ATLANTA, Feb. 6 /PRNewswire/ -- UCB today announced that the U.S. Food and Drug Administration (FDA) agreed to accept, for filing and review, a biologics license application (BLA) for Cimzia(R) (certolizumab pegol) for the treatment of adult patients with active rheumatoid arthritis (RA). Cimzia(R) is an investigational agent. If approved, Cimzia(R) will be the first and only PEGylated anti-TNF (Tumor Necrosis Factor) biologic therapy available for the treatment of rheumatoid arthritis.
"As a new anti-TNF, we believe that Cimzia(R) would provide an important new option for people living with this disease," said Olav Hellebo, President Inflammation Operations, UCB.

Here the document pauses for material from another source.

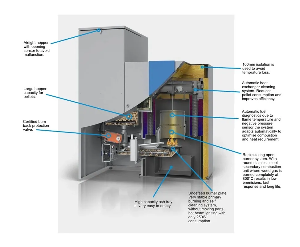 For a central heating option with low environmental impact the pellet boiler brings you both high performance and ease of use.

The BLA is based on data from more than 2,367 patients and includes three multi-center, placebo-controlled Phase III trials which were recently presented at the American College of Rheumatology (ACR) Annual Scientific Meeting.
In these studies, Cimzia(R), given with methotrexate, was shown to be significantly more effective than methotrexate alone for the inhibition of joint damage progression in patients with active RA as early as 24 weeks (RAPID 1 and RAPID 2). Cimzia(R) was shown to rapidly reduce the signs and symptoms of active RA with peak ACR50 and 70 responses achieved at 14 and 16 weeks. Improvement in physical function and quality of life measures were also seen for up to one year (RAPID 1). Further, Cimzia(R) administered as monotherapy showed significant improvement in signs and symptoms of RA from week 1, and this benefit was maintained through week 24 (Study 011). The most commonly occurring adverse reactions were headache, nasopharyngitis, and upper respiratory tract infections. Reported serious adverse reactions were infections (including tuberculosis) and malignancies (including lymphoma), consistent with findings from other trials in the anti-TNF class.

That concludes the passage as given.